### Aim of the task
Take the lines below from the one with "Bantuan dana sponsorship" through the one with "Par vintage stjerneformede" and retype them exactly. Include nothing else, and no pictures.

[Recorded data — start]

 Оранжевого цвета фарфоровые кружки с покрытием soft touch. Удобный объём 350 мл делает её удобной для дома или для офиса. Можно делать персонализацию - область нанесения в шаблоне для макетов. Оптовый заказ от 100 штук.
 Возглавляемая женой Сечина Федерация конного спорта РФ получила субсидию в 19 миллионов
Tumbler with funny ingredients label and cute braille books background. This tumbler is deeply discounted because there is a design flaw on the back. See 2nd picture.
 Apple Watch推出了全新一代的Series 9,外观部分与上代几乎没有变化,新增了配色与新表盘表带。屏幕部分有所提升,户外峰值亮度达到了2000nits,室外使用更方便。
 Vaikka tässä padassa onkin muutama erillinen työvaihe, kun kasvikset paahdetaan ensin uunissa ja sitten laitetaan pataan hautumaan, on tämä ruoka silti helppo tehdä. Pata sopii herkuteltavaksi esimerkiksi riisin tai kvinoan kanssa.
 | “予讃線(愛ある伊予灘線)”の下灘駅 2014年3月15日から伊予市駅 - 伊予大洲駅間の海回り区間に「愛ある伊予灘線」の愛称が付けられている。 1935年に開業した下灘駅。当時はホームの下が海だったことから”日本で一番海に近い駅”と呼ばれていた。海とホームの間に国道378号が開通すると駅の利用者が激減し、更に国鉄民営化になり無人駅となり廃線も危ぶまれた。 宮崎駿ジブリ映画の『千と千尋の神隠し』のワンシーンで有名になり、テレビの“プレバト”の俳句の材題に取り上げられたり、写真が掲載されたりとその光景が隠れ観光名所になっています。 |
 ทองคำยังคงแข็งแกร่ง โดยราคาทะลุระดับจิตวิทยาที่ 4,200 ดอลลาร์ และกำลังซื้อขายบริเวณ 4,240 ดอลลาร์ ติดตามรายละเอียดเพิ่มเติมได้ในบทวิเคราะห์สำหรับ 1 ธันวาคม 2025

[Recorded data — finish]
[Recorded data — start]

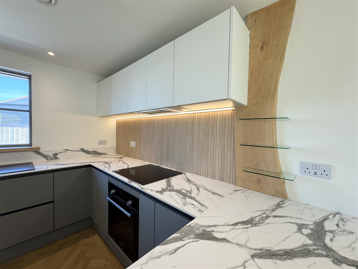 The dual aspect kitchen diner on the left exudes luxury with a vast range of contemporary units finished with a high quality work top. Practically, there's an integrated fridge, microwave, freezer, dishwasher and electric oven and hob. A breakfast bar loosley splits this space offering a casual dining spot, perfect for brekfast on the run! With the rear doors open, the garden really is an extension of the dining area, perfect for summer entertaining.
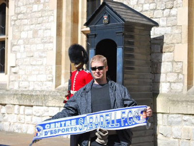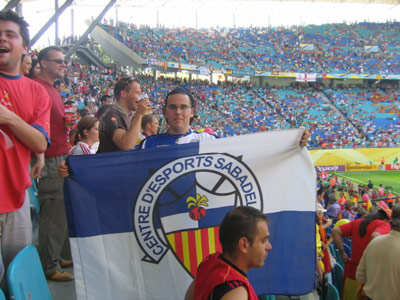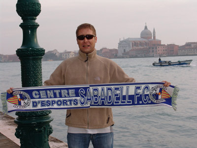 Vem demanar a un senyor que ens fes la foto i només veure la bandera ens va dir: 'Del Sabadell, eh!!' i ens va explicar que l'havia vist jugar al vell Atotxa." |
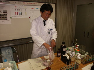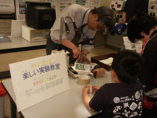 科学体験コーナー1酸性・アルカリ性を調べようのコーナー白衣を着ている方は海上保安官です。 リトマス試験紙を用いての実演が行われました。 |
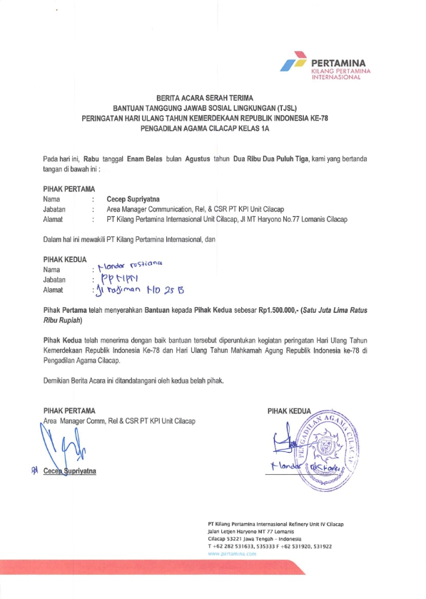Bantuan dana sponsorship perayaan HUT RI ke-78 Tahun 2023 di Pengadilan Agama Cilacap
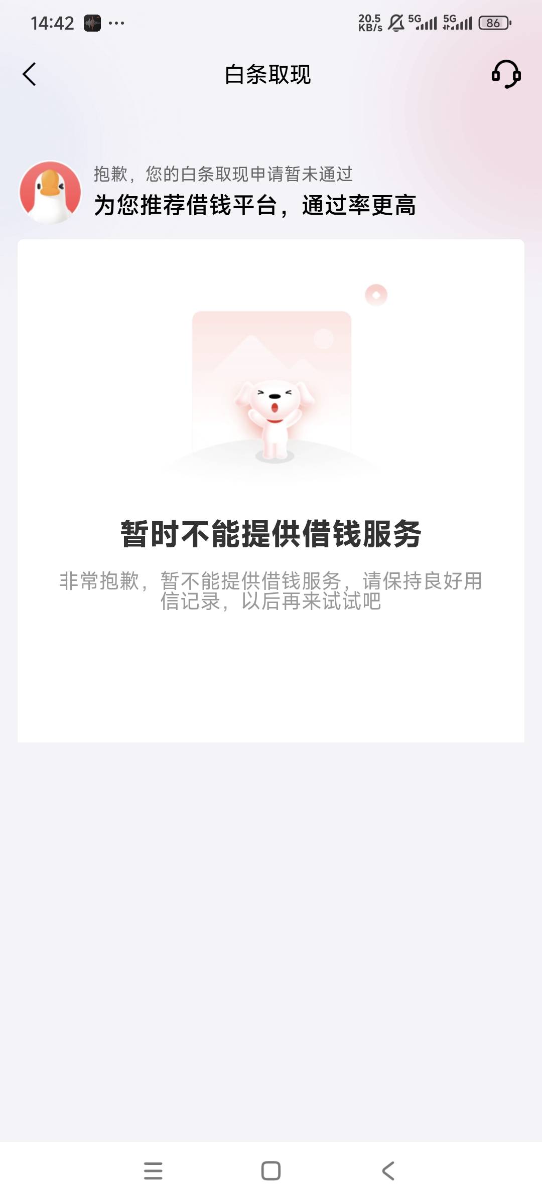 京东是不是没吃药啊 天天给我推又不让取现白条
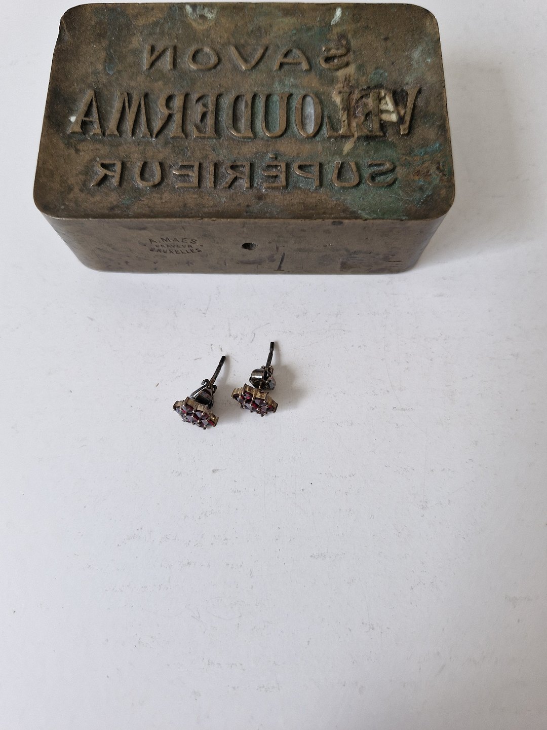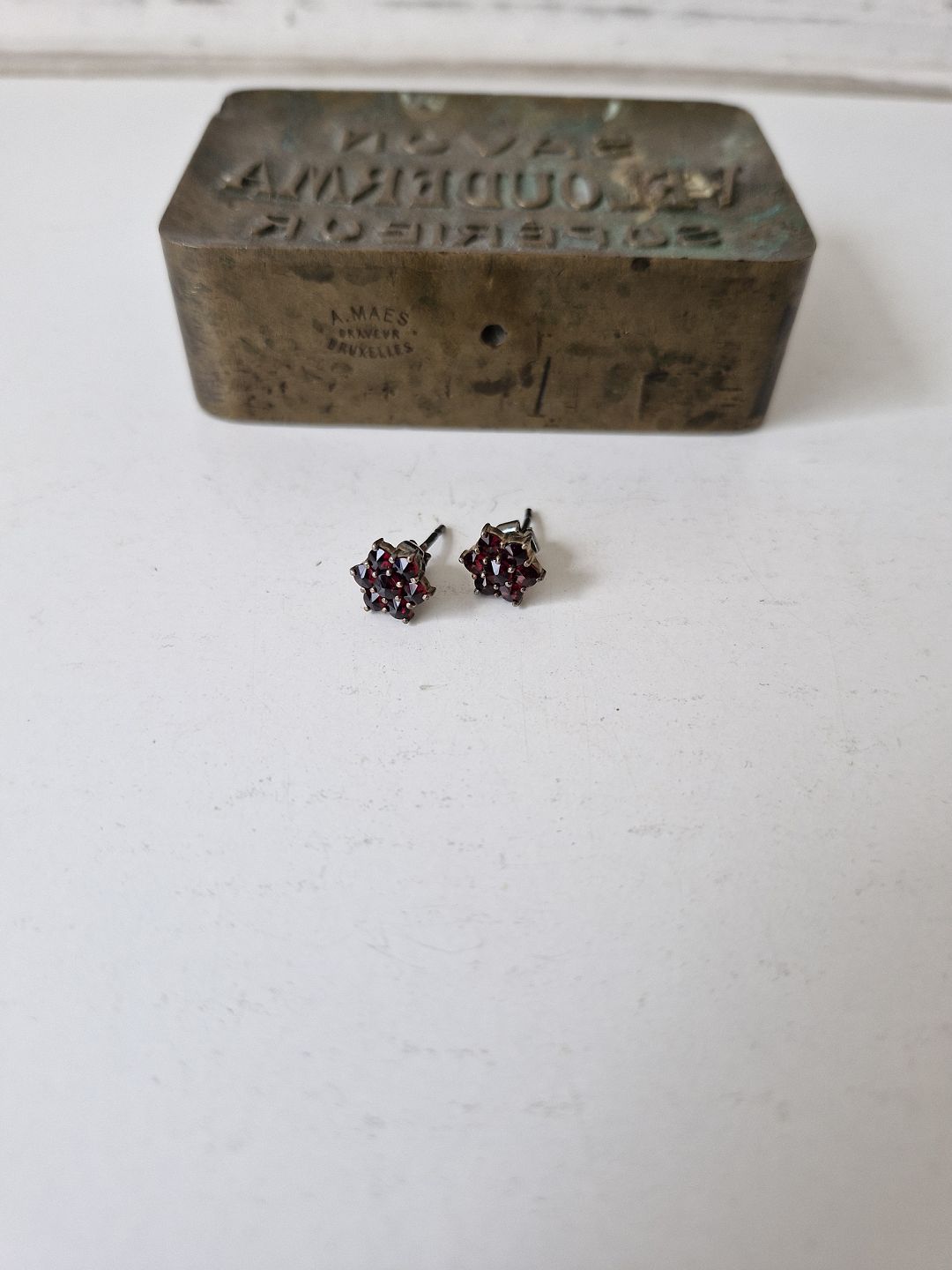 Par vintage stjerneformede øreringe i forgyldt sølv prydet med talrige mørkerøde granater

[Recorded data — finish]

### Your response
Bantuan dana sponsorship perayaan HUT RI ke-78 Tahun 2023 di Pengadilan Agama Cilacap
 京东是不是没吃药啊 天天给我推又不让取现白条
 Par vintage stjerneformede øreringe i forgyldt sølv prydet med talrige mørkerøde granater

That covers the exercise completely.